En relación al pedimento efectuado por la parte actora respecto a una indemnización por daños y perjuicios que resulte de aplicarle al monto de la deuda una “tasa justa” derivada de la diferencia entre el tipo de cambio oficial y el tipo de “cambio implícito”, por cuanto fue desechada la experticia económica promovida por la parte actora para demostrar el monto del tipo de “cambio implícito” del dólar americano con respecto al bolívar, no quedó demostrado en las actas dicha relación cambiaria, aunado al hecho que –tal como se señaló ut supra- siendo que el tipo de cambio aplicable a los fines de determinar el monto de la obligación en moneda nacional es el cambio oficial determinado por el Ejecutivo Nacional, por lo que tal como lo estableció la Sala Constitucional del Tribunal Supremo de Justicia, en casos donde haya sido convencionalmente pactado el pago de una obligación en dólares estadounidenses u otra moneda extranjera, la única solución consiste en la transformación de la obligación con cláusula de pago efectivo en moneda extranjera, en una obligación con cláusula de valor moneda extranjera en la cual, como hemos visto, la moneda extranjera sólo es apreciada como moneda de cuenta, por imperativo derivado del llamado hecho del príncipe, pudiendo el deudor liberarse de la obligación con su equivalente en bolívares, según la tasa oficial vigente al momento del pago de la misma; por lo que resulta forzoso para esta sentenciadora declarar improcedente dicho pedimento por carecer de asidero jurídico y contravenir el régimen cambiario venezolano.
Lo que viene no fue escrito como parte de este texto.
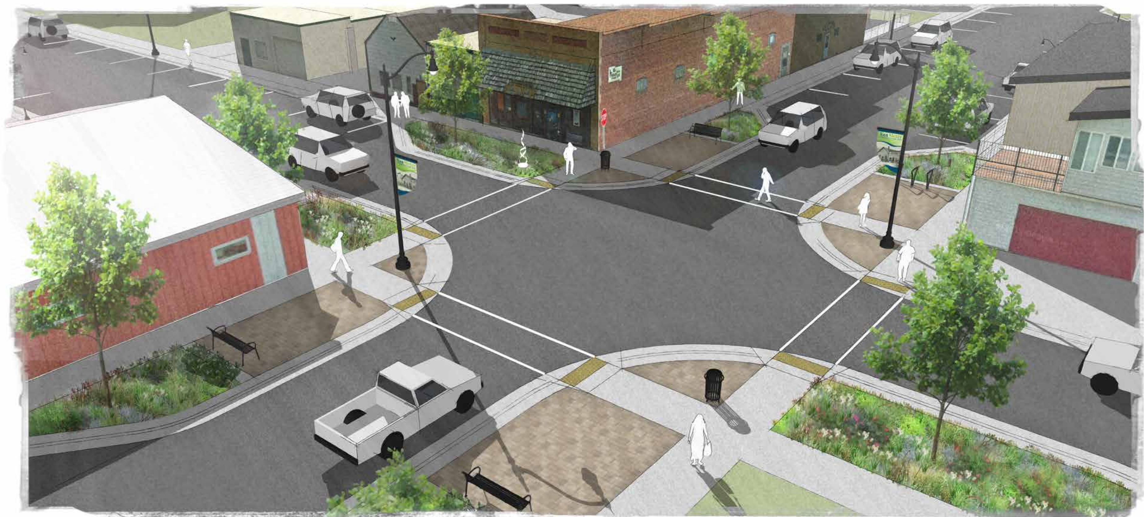
Visualization of proposed downtown improvements

Community assessments and surveys confirmed a desire to enhance the downtown streetscape, add supportive features for pedestrians, and improve walkability. Updating the streetscape to include bump-outs allows the space for amenities such as street trees, planting beds, pavers, benches, and lighting while maintaining the majority of the existing parallel parking spaces. The concept plan also considers eventual growth and redevelopment of key downtown areas. These downtown enhancements will help create a more functional and enjoyable experience for both pedestrians and motorists.

Así se decide.
De la indexación.
Finalmente, a los fines de resolver la pretensión deducida en la demanda, consistente en la indexación solicitada en el presente caso respecto de cantidades cuyo pago ha sido convenido en dólares estadounidenses, esta juzgadora debe traer a colación el contenido de la sentencia Nº RC.000491 emanada de la Sala de Casación Civil, de fecha 05 de agosto de 2016, expediente Nº2016-000142, en la cual se estableció lo siguiente:
“Al efecto cabe advertir, que en la presente causa, son palmariamente ostensibles dos situaciones importantes dado que el juez de alzada incurrió en el vicio de inmotivación por falta absoluta de fundamentos y es que, las cantidades cifradas en dólares en el documento constitutivo de la obligación –póliza de seguro de vida- mientras no medie convención especial en contrario, el deudor se liberará entregando el equivalente de la moneda de cuenta, a la tasa oficial aplicable en el lugar de la fecha de pago, lo cual haría improcedente la indexación sobre las cantidades debidas y demandadas en dólares por el monto de (U.S. $ 100.000,00), por cuanto la previsión de la moneda extranjera como moneda de cuenta funciona como una fórmula de ajuste frente a las variaciones del valor de la moneda, e interpretar lo contrario implicaría conceder un doble pago sobre el mismo concepto.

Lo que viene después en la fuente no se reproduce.